Tourism industry emerges from downturn
By Maria Sheahan and Victoria Bryan
BERLIN (Reuters) - The outlook for the global travel industry looks brighter for 2014 as European economic recovery and rising consumer confidence are prompting holidaymakers and businesses to loosen their purse strings again.
Growth is still unevenly spread across regions, according to comments from the industry's biggest trade fair in Berlin this week, with some destinations such as Egypt, China and Thailand facing a tough time due to political turmoil, security concerns or stricter regulations.

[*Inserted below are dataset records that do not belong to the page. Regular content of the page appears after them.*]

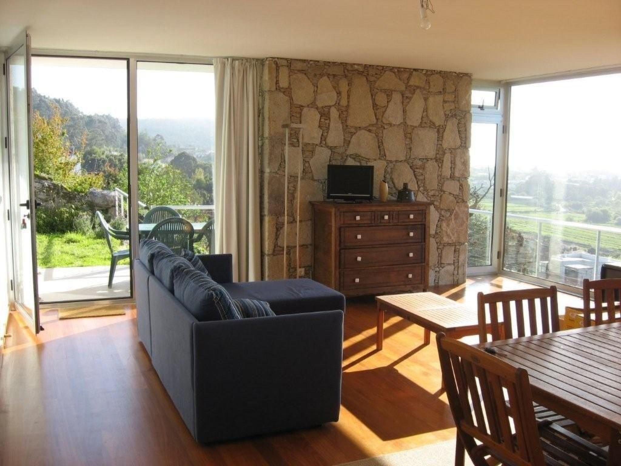 "This architect-designed house is ideally situated on a mountainside 2 km from the ocean, with large picture windows offering panoramic views all day long. The use of wood, glass, metal and stone gives the house a special charm and character. The furnishings are sober and contemporary. Ideally located 60 km from Vigo, 90 km from Porto and 25 km from Viana do Castelo, in the heart of a quiet village overlooking the countryside, "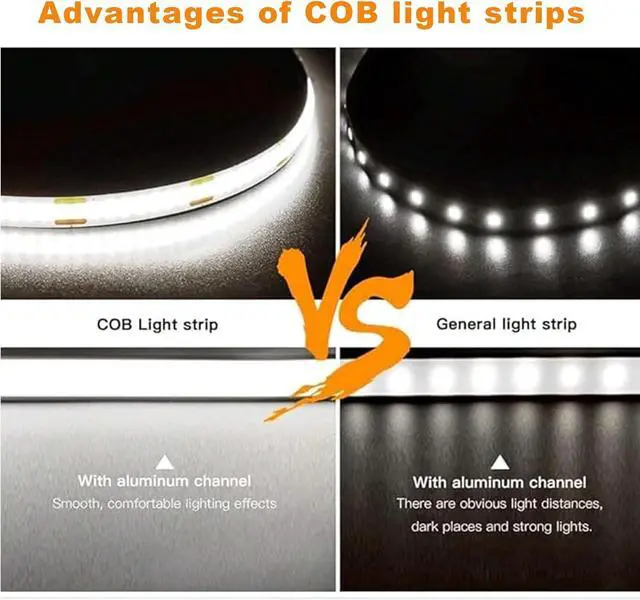 Flexible Design: Industrial-strength adhesive delivers a secure long-lasting bond on smooth dry surfaces; The cob led strip light ultra-flexible design bends easily to fit curved TV backs headboard lighting or bookshelf accentsno tools needed for quick installation6000K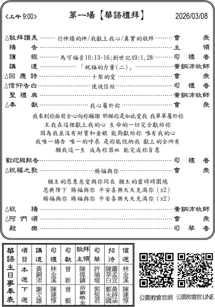 1. 婚訊:曾誠執事與周恩萱姊妹本週六(3/14)上午9:30於公園教會舉行結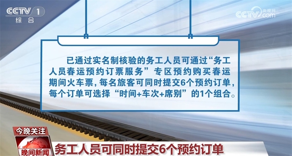 已通過實名制核驗的務(wù)工人員可通過“務(wù)工人員春運預(yù)約訂票服務(wù)”專區(qū)預(yù)約購買春運期間火車票,每名旅客可同時提交6個預(yù)約訂單,每個訂單可選擇“時間+車次+席別”的1個組合。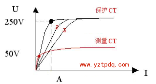 2、測(cè)得的伏安特性曲線與過(guò)去或出廠的伏安特性曲線比較,電壓不應(yīng)有顯著降低。若有顯著降低,應(yīng)檢查二次繞組是否存在匝間短路。當(dāng)有匝間短路時(shí),其曲線開(kāi)始部分電流較正常的略低,如圖中曲線 2、3 所示(指保護(hù) CT 有匝間短路,曲線 2 為短路 1 匝,曲線 3 為短路 2 匝),因此,在進(jìn)行測(cè)試時(shí),在開(kāi)始部分應(yīng)多測(cè)幾點(diǎn)。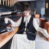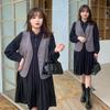 2025 Novo Vestido de Terno Petite Francês Estilo Faculdade Preto Cinto Afinando a Cintura Vestido Colete para Mulheres
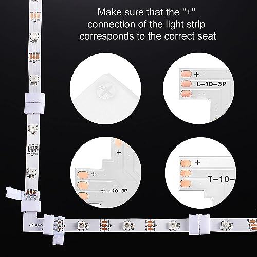 APPLICAZIONE: Kit di connettori rapidi LED 3pin 10mm adatto a luci di striscia LED SMD 5050 RGB larghe 10mm, che collegano strisce LED non impermeabili e impermeabili, ma hanno bisogno di staccare il rivestimento delle strisce LED impermeabili.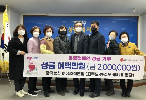 ¾çÁֽà ±¤Àû¸é(¸éÀå ±Ç¼ø¿ë)Àº Áö³ 8ÀÏ ¾çÁֽà ±¤Àû³óÇù »êÇÏ ¿©¼ºÁ¶Á÷¿¬ÇÕ(°íÁÖ¸ð, ³óÁÖ¸ð, ºÎ³àȸ)¿¡¼ Ãë¾à°èÃþÀÇ µû¶æÇÑ °Ü¿ï³ª±â¸¦ µ½±â À§ÇØ ¿ÂǰķÆäÀÎ ¼º±Ý 200¸¸¿øÀ» ±âŹÇß´Ù°í ¹àÇû´Ù.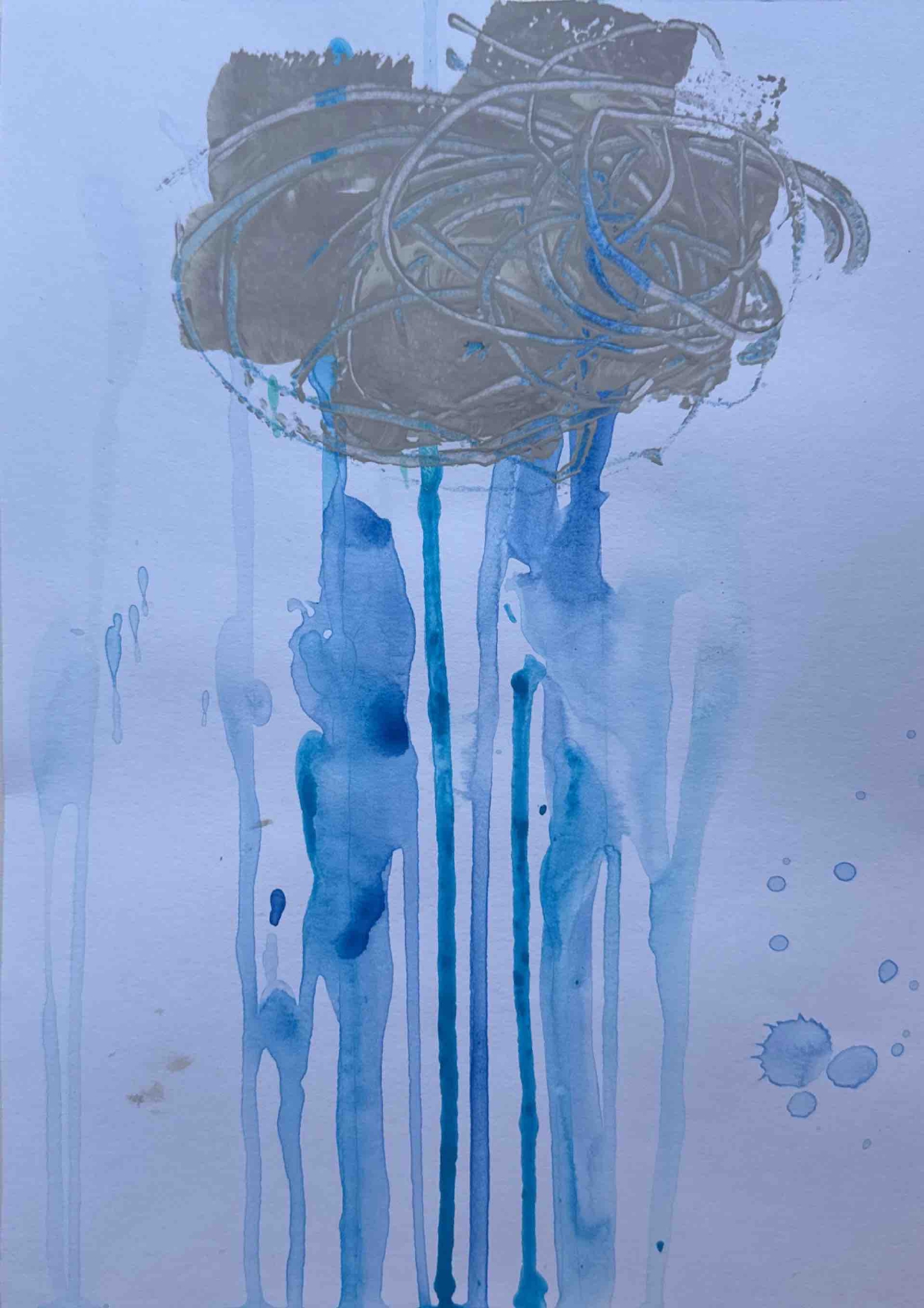 Lietus attēlots, ar pipeti pilinot iekrāsotu ūdeni uz papīra, ļaujot tam dabiski notecēt un radīt plūstošas, brīvas formas.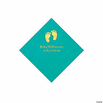 Coupon 🔥 Teal Baby Feet Personalized Napkins wit Gold Foil – 50 Pc. Beverage 👍
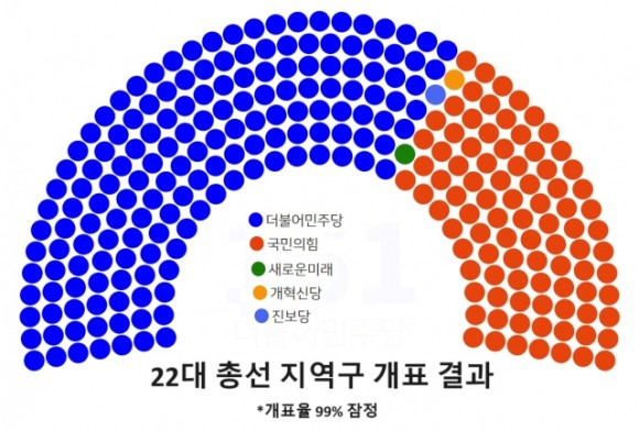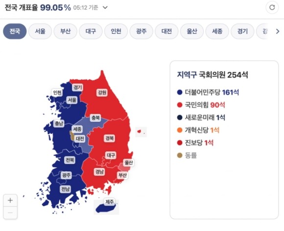 1. 22대 총선 결과 지도(4월 11일 5시, 99.05% 개표기준) ▼

Current tension between Russia and Ukraine also poses a risk to growth this year but overall, the number of international tourists is set to increase by 4 to 4.5 percent after reaching a record of almost 1.1 billion in 2013, the United Nations World Tourism Organization (UNWTO) said.

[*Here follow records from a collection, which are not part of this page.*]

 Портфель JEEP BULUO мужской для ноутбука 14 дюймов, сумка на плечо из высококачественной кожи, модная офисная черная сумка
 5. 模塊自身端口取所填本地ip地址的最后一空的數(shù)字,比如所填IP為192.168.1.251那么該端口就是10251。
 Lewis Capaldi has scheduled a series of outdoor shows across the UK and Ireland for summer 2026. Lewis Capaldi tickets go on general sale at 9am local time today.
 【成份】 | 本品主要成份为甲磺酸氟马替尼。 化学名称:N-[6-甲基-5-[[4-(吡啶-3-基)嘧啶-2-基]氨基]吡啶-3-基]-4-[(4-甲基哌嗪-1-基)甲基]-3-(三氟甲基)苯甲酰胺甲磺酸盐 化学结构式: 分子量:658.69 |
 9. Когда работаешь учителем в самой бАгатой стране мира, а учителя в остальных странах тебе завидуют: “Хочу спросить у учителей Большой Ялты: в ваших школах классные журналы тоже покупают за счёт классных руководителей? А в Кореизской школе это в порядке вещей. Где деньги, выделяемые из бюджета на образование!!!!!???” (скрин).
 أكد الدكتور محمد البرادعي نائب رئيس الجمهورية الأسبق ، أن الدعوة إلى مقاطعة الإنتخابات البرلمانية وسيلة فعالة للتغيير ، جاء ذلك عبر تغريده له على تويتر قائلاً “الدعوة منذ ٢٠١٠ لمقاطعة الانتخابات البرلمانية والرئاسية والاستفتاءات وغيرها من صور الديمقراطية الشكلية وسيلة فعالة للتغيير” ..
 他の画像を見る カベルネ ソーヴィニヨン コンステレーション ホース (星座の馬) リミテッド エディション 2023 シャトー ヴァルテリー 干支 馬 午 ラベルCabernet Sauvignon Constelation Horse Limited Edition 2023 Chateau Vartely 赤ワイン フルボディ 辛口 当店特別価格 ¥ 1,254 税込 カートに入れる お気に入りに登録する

"We think that this (growth) will be consolidated again in 2014, 2015 and 2016 and beyond," Taleb Rifai, secretary general of the UNWTO told Reuters. "It will not be 5 percent every year, but the important thing is that growth is consolidated."
The International Air Transport Association (IATA) said on Wednesday that 2014 had got off to a strong start, with travel demand accelerating from last year thanks to stronger growth in advanced economies and emerging market regions.
Angela Brav, head of hotelier InterContinental's (IHG.L: Quote) European business, said she started seeing a real uptick in the fourth quarter of 2013 and that has continued: "GDP is forecast to improve, unemployment is getting better and business optimism in Europe is high," she said at the ITB travel fair.
Paulo Salvador, chief marketing officer of World Hotels, which groups together almost 500 hotels in 65 countries, said the year had started off especially well in North America and Brazil, while growth was slower in Asia.